Is there an ExtraTreesClassifier-like classifier that has decision boundary function like SVM?
The SVM boundary arises directly from how SVMs are defined. It's not something that can be "tacked on" to an arbitrary classifier because non-SVM classifiers are not defined in the same way. There are alternative ways for decision trees to make predictions, but I don't think these alternative tree-based methods will result in more informative predictions.
Tree-based models work by partitioning the space and then assigning scores to those partitions. When the contents of the partitions are pure, the scores are binary. This seems to be the case with your data; for whatever reason, the terminal nodes of all trees all contain the same class. The model is telling you that it's very certain about the partitioning.
Gradient-boosted trees assign weights to each terminal partition, and then sum up these weights across all trees and use a sigmoid function to return probabilities. This method is more ornate than just predicting according to the proportion of the class in the terminal node. However, I believe that because your terminal nodes are all pure, what will happen is that the gradient-boosted tree will just assign very large weights (in the case of positive instances) or very small weights (in the case of negative instances) to each leaf. As a result, these predicted probabilities will tend to be very close to 0 or 1, but I wouldn't expect them to be much more informative than the binary predictions you have now because these predictions result from weights assigned to pure nodes.
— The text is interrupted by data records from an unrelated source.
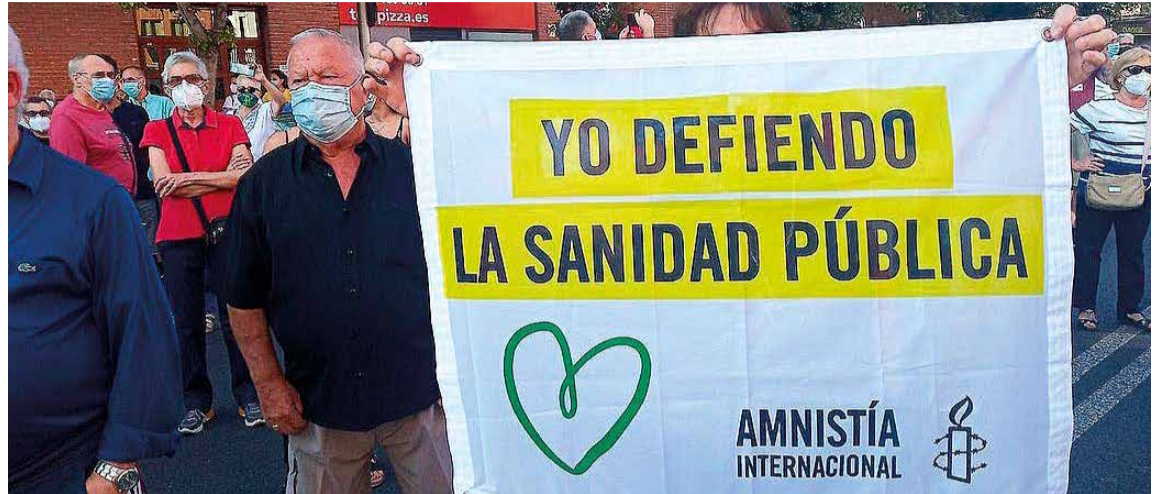
Manifestaciones de protesta ante un sistema sanitario desbordado
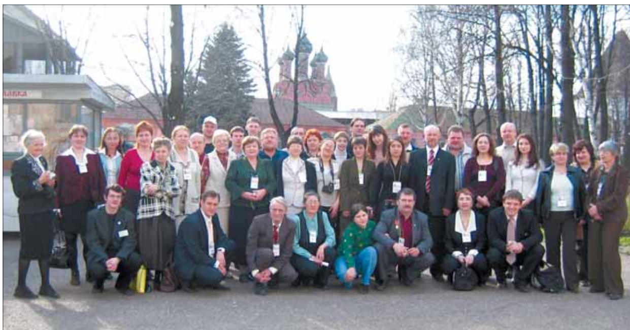
Организаторы и участники IV Всероссийской генеалогической выставки в Ярославле
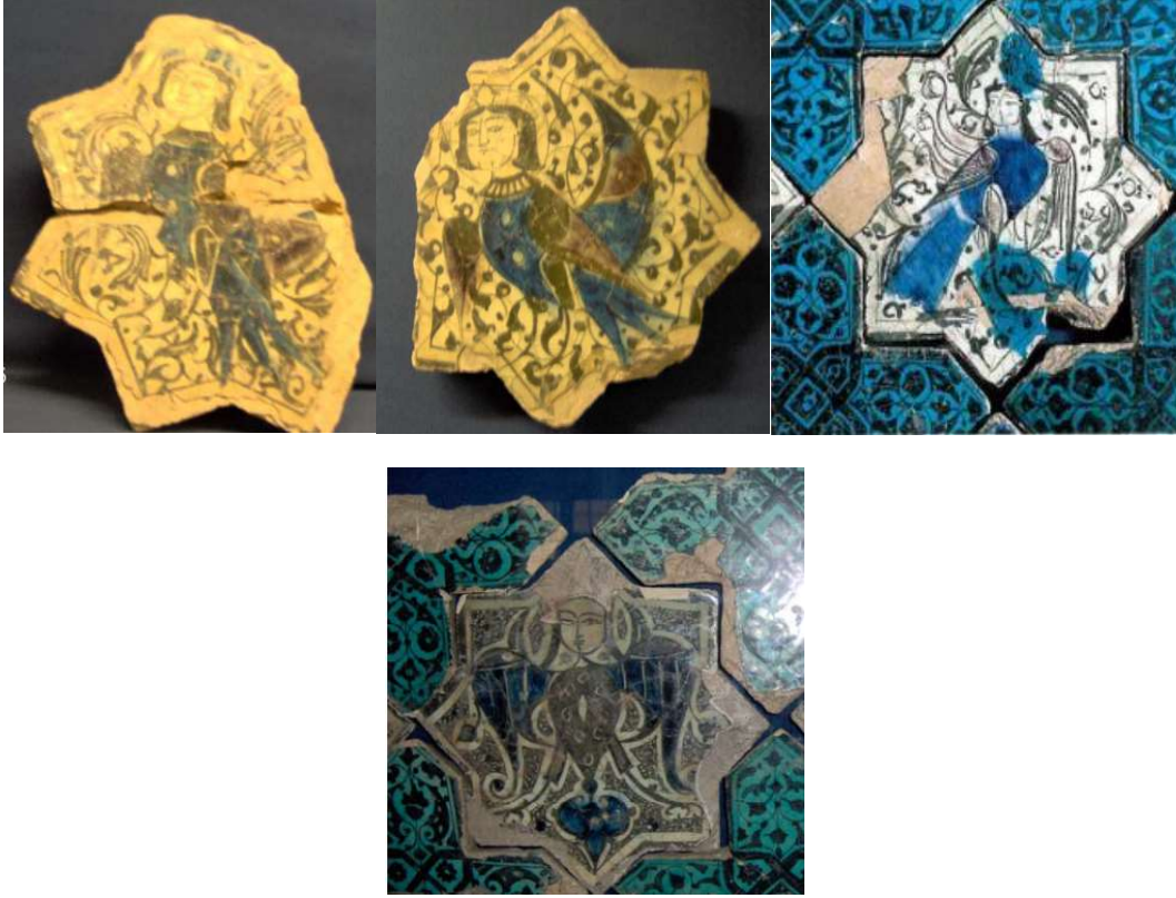
Görsel 27-28-29. Kubadabad Sarayı'nda Yer Alan Siren Figürlü Çiniler
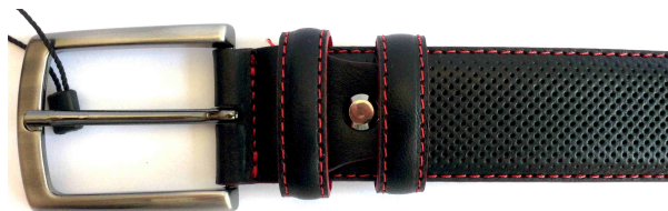
Réf : 164235 - Microperforé - 35 mm Noir - Bleu M. - Cognac / couture et verso rouge
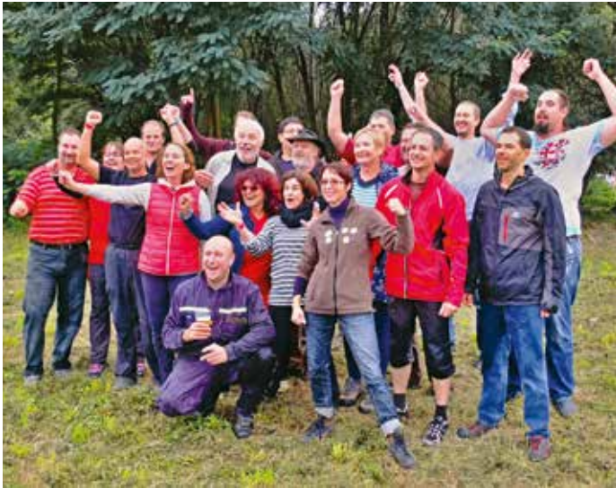
Bouřlivá radost vítězného týmu
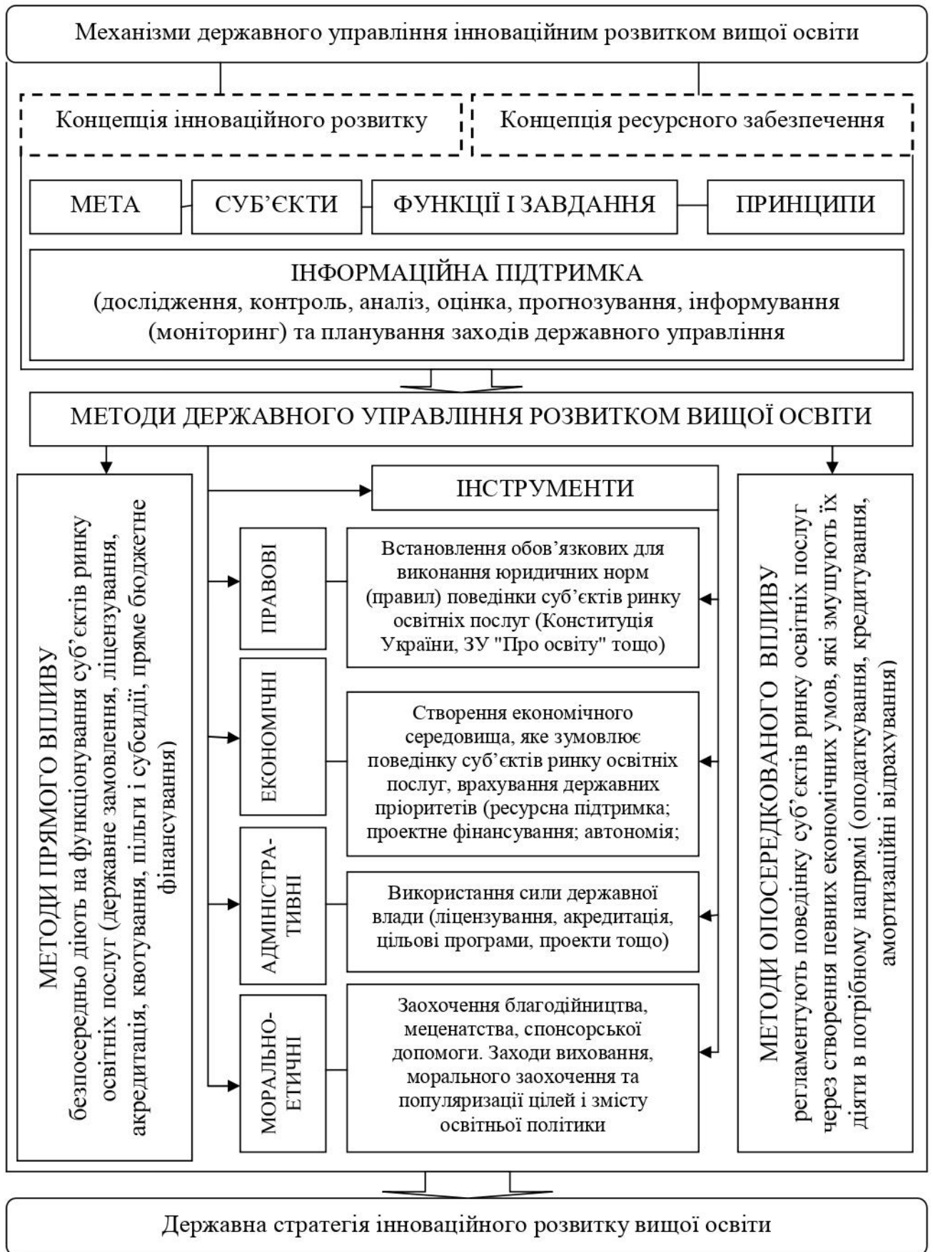
Рисунок 3.1. Концептуальна схема функціонування механізмів державного управління інноваційним розвитком вищої освіти
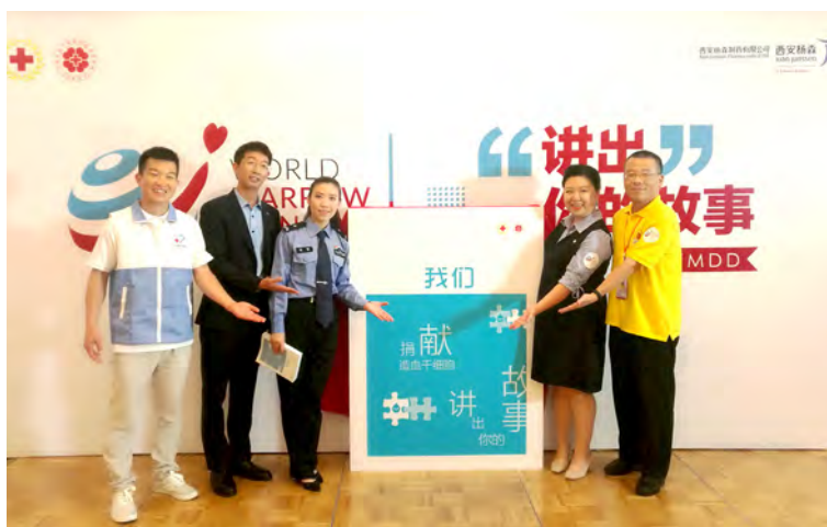
五位故事分享捐献者合影
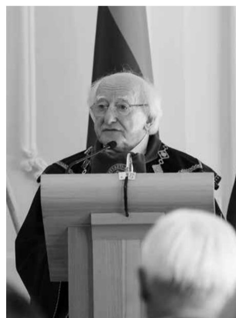
Kalba VDU Garbės daktaras M. D. Higgins

Garbės daktaro vardas prezidentui suteiktas socialinių mokslų srityje už humanistinių vertybių sklaidą, veiklą žmogaus teisių srityje ir savo šalies paveldo išsaugojimą. Anot VDU rektoriaus profesoriaus
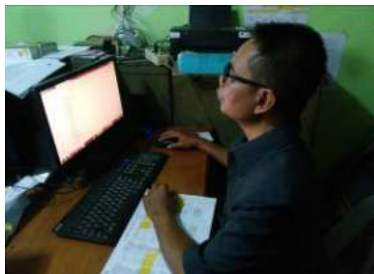
Gambar 10. Pembuatan Modul Pelatihan
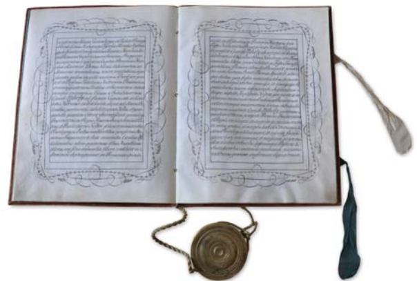
František I. listinou z roku 1815 potvrdil Novému Mestu nad Váhom dovtedajšie jarmočné privilégia. Originál v Štátnom archíve v Trenčíne.

Právom usporiadať jarmoky v minulosti nedisponovala každá sídelná lokalita. Muselo to byť hospodársky vyspelé mesto alebo mestočko, aby mu panovník udelil trhové privilégia. Takým Nové Mesto určite bolo už za panovania Žigmunda Luxemburského (1387 – 1437), pretože práve tento uhorský kráľ v roku 1435 okrem viacerých dôležitých výsad udelil nášmu mestu právo usporiadať výročné trhy. Podľa tohto práva „...sa Mestu umožňuje každoročne na sviatok sv. Prokopa (9. júla) a začiatkom veľkého pôstu (pohyblivý sviatok naviazaný na Veľkú noc, ktorý mohol pripadnúť na obdobie od polovice februára do polovice marca) a týždeň pred a týždeň po spomínaných sviatkoch odbavovať v meste výročné trhy (jarmoky) podľa zvyklostí, za akých sa konávajú v slobodných mestách. Okrem toho Novomešťania môžu užívať všetky práva, výsady a imunity v takom rozsahu, ako ich používajú a riadia sa nimi mešťania, hostia a obyvatelia mesta Trnava. Okrem toho žiaden obchodník nemôže v meste bez osobitného povolenia richtára a prisažných vyložiť na predaj ani strihať súkno a nastrihané predávať na lakte okrem domácich obyvateľov. Rovnako nikto nemá právo v spomínanom meste vyberať trhové poplatky ani na týždenných trhoch, ktoré sa tu zvyknú konať každý pondelok, ani na vyššie spomínaných jarmokoch na sv. Prokopa a na začiatku Veľkého pôstu.“
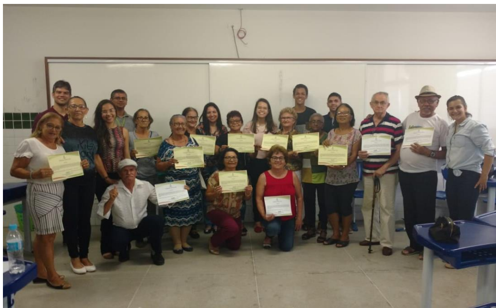
Figura 3 – Momento da entrega do certificado de conclusão do curso
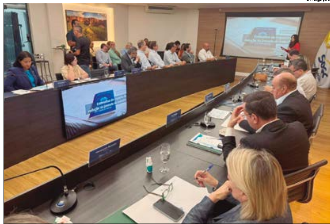
Congressistas receberam estudo técnico com dados sobre impactos da alteração da jornada de trabalho
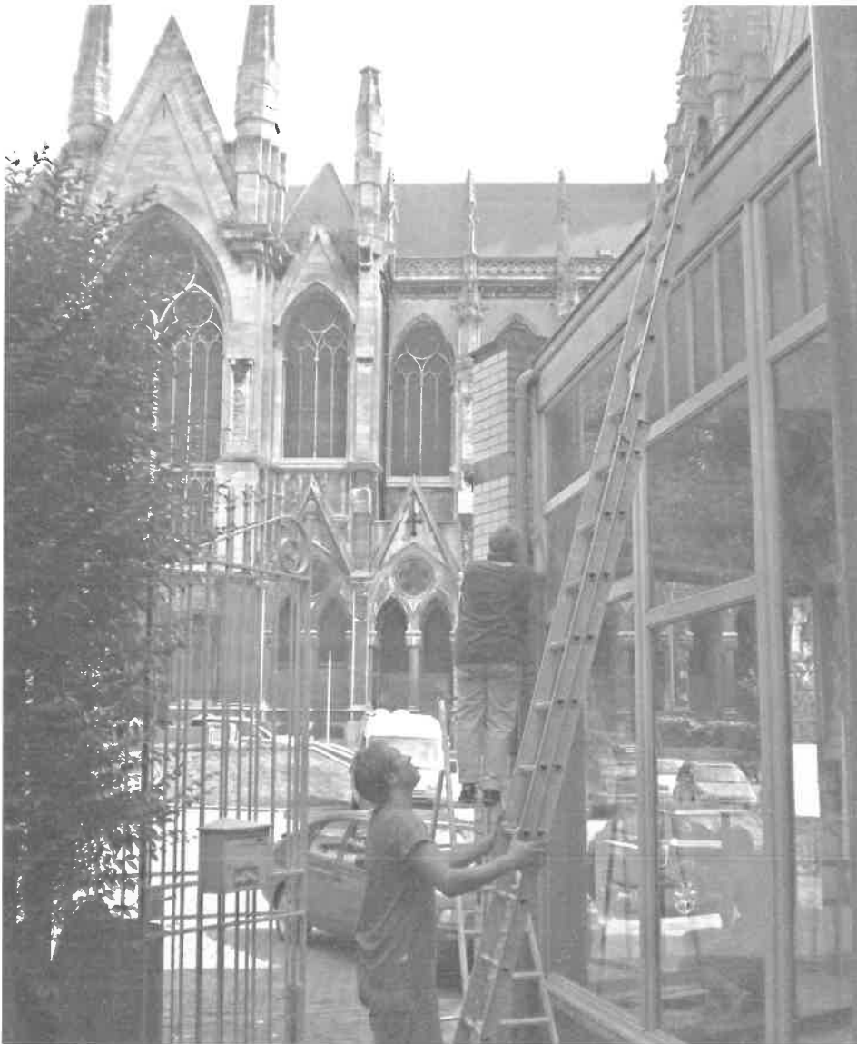
Het centrum voor funeraire archeologie vraagt ook permanent onderhoud (2009)
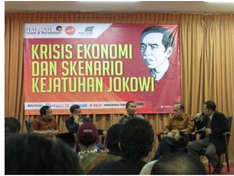
Gambar 2. Elemen Grafik berupa foto pada artikel 2

Foto yang disajikan dalam gambar 2 tersebut mempunyai peran penting dalam artikel. Perlu diingat, kalimat pembuka dalam artikel ini berupa pernyataan penyangkalan. Lantas apa yang disangkal dalam kalimat pembuka tersebut? Penyangkalan tersebut merujuk pada latar yang dihadirkan dalam foto ini. Foto tersebut menggambarkan setting sebuah diskusi dengan backdrop besar bertuliskan tema “Krisis Ekonomi dan Skenario Kejatuhan Jokowi”. Peran backdrop diskusi ini yang ingin ditekankan, dengan warna merah mencolok dan dengan ukuran yang cukup besar mendominasi frame foto. Penulis artikel hendak memberikan latar dengan penggunaan foto ini, bahwa sedang terjadi diskusi mengenai krisis ekonomi yang sedang terjadi. Krisis ekonomi tersebut akan memunculkan skenario kejatuhan Presiden Jokowi. Kalimat “Skenario Kejatuhan Presiden Jokowi” membawa kesan kejatuhan presiden Jokowi adalah sebuah peristiwa yang dirancang dan diskusi ini sedang membahasnya.
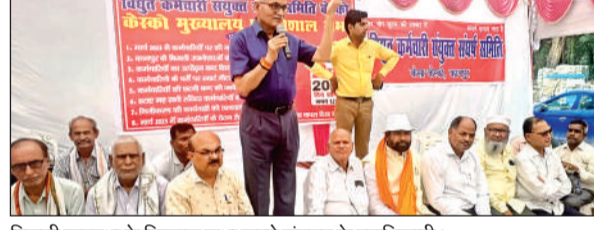
बिजली व्यवस्था के खिलाफ सभा करते संगठन के पदाधिकारी।

अमृत विचार। सिविल लाइंस स्थित केस्को मुख्यालय में शनिवार को विद्युत कर्मचारी संयुक्त संघर्ष समिति, उत्तर प्रदेश के बैनर तले बिजली कर्मियों ने सभा का आयोजन किया, जिसमें केस्को डिस्कोम से आए कर्मचारियों और अभियंताओं ने पावर कॉरपोरेशन के शीर्ष प्रबंधन के खिलाफ आक्रोश व्यक्त कर कहा कि यदि प्रबंधन बिजली व्यवस्था संभालने में अक्षम है तो नैतिक जिम्मेदारी लेते हुए तत्काल पद छोड़ दें। वहीं, गोविंद नगर मुख्यालय और पनकी ताप
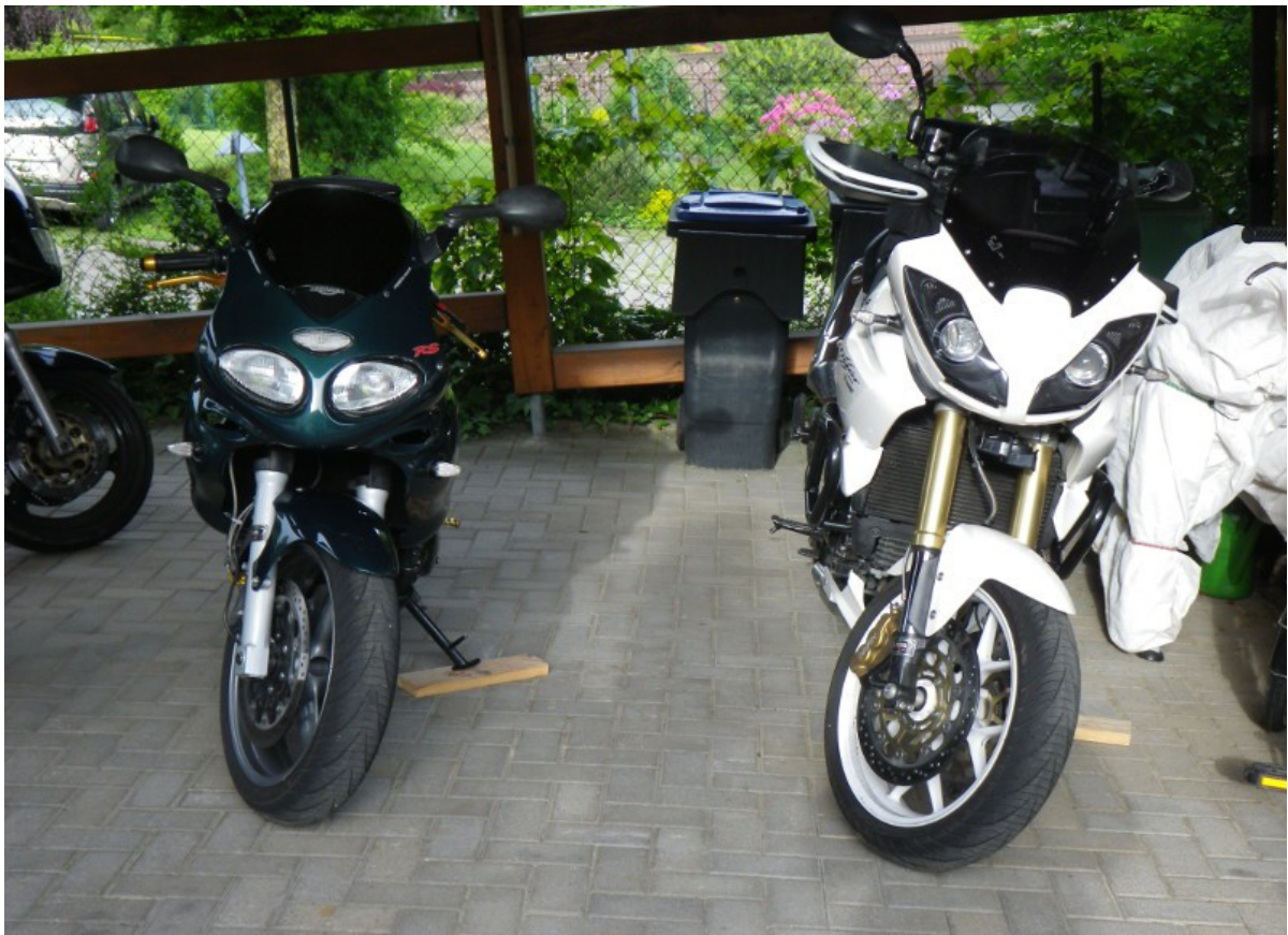
und abends standen auch unsere beiden Lady's im Sonnenschein
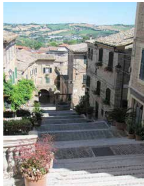
Borgo medievale di Corinaldo
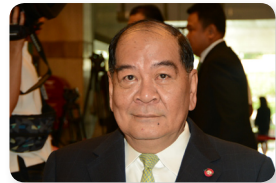
พล.อ. ยวนัญ สุริยกุล ณ อยุธยา ลำดับที่ ๑๑๔
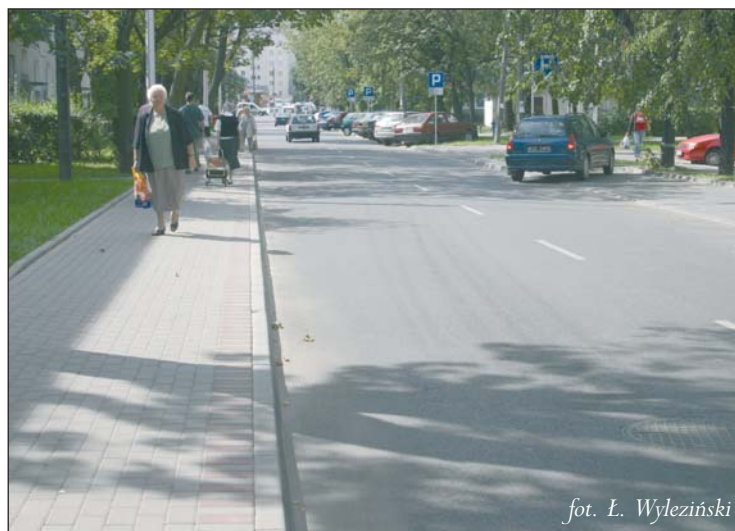
fol. Ł. Wyleziński
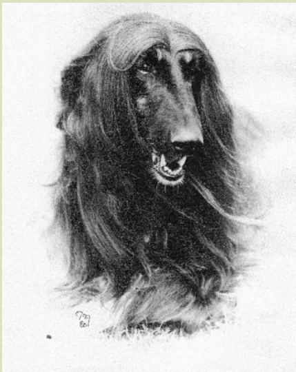
Optimalt uttryck med aggressiv vildhet – "a certain keen fierceness".

FCI-standarderna skriver "a certain keen fierceness" vilket innebär ett tydligt element av aggressiv vildhet i uttrycket. Man betonar att hunden naturligtvis inte ska vara aggressiv, men den får mer än gärna se ut som om den är det, i uttrycket. Detta till skillnad från sin släkting salukin, som också är orientalisk i sitt uttryck, men betydligt mildare.
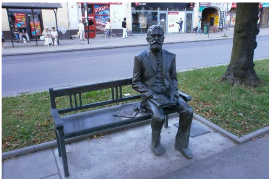
Ławeczka dr Władysława Biegańskiego

Od początku działalności, kierownik biblioteki zapraszany był na posiedzenia Zarządu TLCz i uczestniczył w organizacji i przygotowywaniu takich wydarzeń jak np. sesje naukowe, seminaria, kongresy, wystawy.
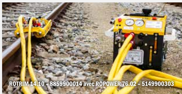
ROTRIM 14.10 - 8859900014 avec ROPOWER 76.02 - 5149900303
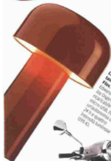
Lampada da tavolo Felix Edward Barber e Jay Ogerton, il ricaricabile è micro-USB, ha un'autonomia di 24 h e quattro intensità luminose (295 €).
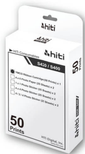
▲ 50 入相紙列印包

ExtraTreesClassifier is working as intended.
This seems to be a quirk of your data, not a property of sklearn's software.
We can verify this by using this toy model. Many of these predictions are between 0 and 1, so we can conclude that ExtraTreesClassifier does give continuous-valued predictions. The fact that continuous-valued predictions dont't occur in your data must be a quirk of how your data work. For whatever reason, the ExtraTreesClassifier applied to your data gives predictions that are 0 or 1.
from sklearn.datasets import load_iris
from sklearn.ensemble import ExtraTreesClassifier
from sklearn.model_selection import train_test_split
if __name__ == "__main__":
X, y = load_iris(True)
X_train, X_test, y_train, y_test = train_test_split(X, y)
xtc = ExtraTreesClassifier(n_estimators=129)
xtc.fit(X=X_train, y=y_train)
y_test_hat = xtc.predict_proba(X_test)
print(y_test_hat)
This prints
[[0. 0.94573643 0.05426357]
[0.98449612 0.01550388 0. ]
[0. 0.00775194 0.99224806]
[0. 0.9379845 0.0620155 ]
[0. 0.85271318 0.14728682]
[1. 0. 0. ]
[0. 1. 0. ]
...]
Comparing models on the basis of continuous proper scoring rules is more powerful.
In your question, you compare two models on the basis of $F_1$ score. This is a discontinuous scoring rule because it discretizes the prediction information (probabilities, distances) when it calculates precision and recall. We have a number of posts about this, such as Why is AUC higher for a classifier that is less accurate than for one that is more accurate?
So let's compare these two toy models on the basis of $F_1$ and log-loss. One model is an ExtraTreesClassifier with unlimited depth, and the other is an ExtraTreesClassifier with depth 3.
When we limit depth to 3, the out-of-sample predictions are worse in the sense that more probability is allocated to the incorrect classes.
[[0.07983777 0.56589267 0.35426955]
[0.83532454 0.12041077 0.04426469]
[0.00446764 0.18980284 0.80572952]
...]
Comparing these models, we find that their $F_1$ scores are tied, while there is a dramatic difference in the log-loss.
$$
\begin{array}{l|r|r}
\text{Model} & F_1 & \text{Log-loss} \\\hline
\text{Depth Unlimited} & 1.0 & 0.041 \\\hline
\text{Depth 3} & 1.0 & 0.222
\end{array}
$$
The reason that $F_1$ and log-loss disagree should be obvious: discarding the information about confidence means that the differences between the two models are suppressed. For log-loss, this is the case. When the model is confident and correct, the model's log-loss is lower. Contrariwise, when the model is confident but incorrect, the model's log-loss is higher.
But for $F_1$ score, the scoring is entirely binary. Either the sample is correctly classified, or it's not, and the precision and recall are computed as summaries of these binary decisions.
Indeed, there's a symmetry between your underlying problem -- your predictions are not differentiated -- and the mechanics of using a continuous proper-scoring rules. You want a continuous predictor, which is just another way of saying that you want the predicted probabilities to be informative. Continuous proper scoring rules reward models with informative probabilities.
Are binary predictions really a problem?
It's worth considering whether the binary predictions are a real problem. When you compare the out-of-sample predictions to their true labels, does the model do a good job? Does this model solve the problem that you have? If so, it might be sufficient to pick a number between 0 and 1 as your threshold and call it a day. Unfortunately, you won't have much information about the risks involved in choosing a poor threshold. All you can say for sure is that choosing a larger threshold decreases the true positive rate and decreases the false positive rate, while choosing a smaller threshold increases them both.